Back in October 2004, the Lancet medical journal published research by the Johns Hopkins Bloomberg School of Public Health in Baltimore which estimated that around 100,000 Iraqis had died as a result of the war. This month, that journal has published a new study by the same researchers which, they say, reaffirms the accuracy of the previous survey and moves it on.
The figures are grim. Between 420,000 and 790,000 Iraqis have died as a result of war and political violence since the beginning of the US-UK invasion in March, 2003, with 655,000 considered the most likely figure. Of the violent deaths that occurred after the invasion, 31% were caused by coalition forces (i.e. coalition forces have killed 186,000 Iraqis in the 39 months after the invasion, about 4,700 per month).

This means an additional 2.5% of Iraq's population have died above what would have occurred without the invasion. In other words, Bush and Blair are responsible for setting off a process which has killed as many civilians as they claimed Saddam did in 25 years.

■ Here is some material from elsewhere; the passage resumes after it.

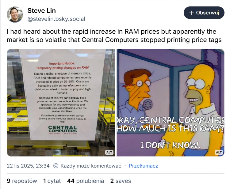 Choć ja mogę mówić o szczęściu, to o nim nie mogą mówić osoby, które teraz próbują złożyć komputer i w budżecie od 4 do 5 tys., 900 złotych zjada im sam RAM. Wciąż pozostaję w kręgach składaczy komputerów i osób szukających pomocy, i widzę, że ludzie wciąż nie rozumieją, że sytuacja nie jest tymczasowa, że taniego RAMu już po prostu nie ma.
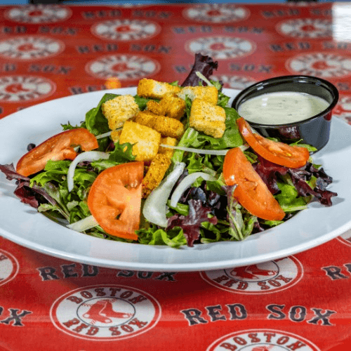 Spring mix with tomatoes, onions, and croutons. Choice of Caesar, ranch, or creamy Italian dressing. Add grilled chicken breast for an extra charge

We can expect this survey to be described as "controversial" and similarly dismissed out of hand by many supporters of the US-UK invasion as the earlier one. Somewhat ironically, they may point to the Iraq Body Count (IBC) figure of 44-49,000 civilian deaths. This is like comparing apples to kangaroos, as the IBC is based on English language media reports of deaths and so cannot be considered as anything but a (very low, i.e. extremely unlikely) minimum. But such attacks on methodology ring hollow as the Iraqi estimates are based on the same (standard) methods used to estimate deaths in Darfur and in eastern Congo, both of which were accepted without query. Why? Because it served imperial interests just as denying the Iraq surveys does now.

How do the American and British people feel that their tax money is being used to help destroy so many lives? And how would they feel knowing the profits that corporations are making on all of this? Which is why the supporters of this slaughter will try to undermine this report: they do not want people to know the truth about Iraq and what has been done in their name. How will history judge a system which uses "freedom" simply as (yet another) a cover to advance imperial interests over the bodies of others?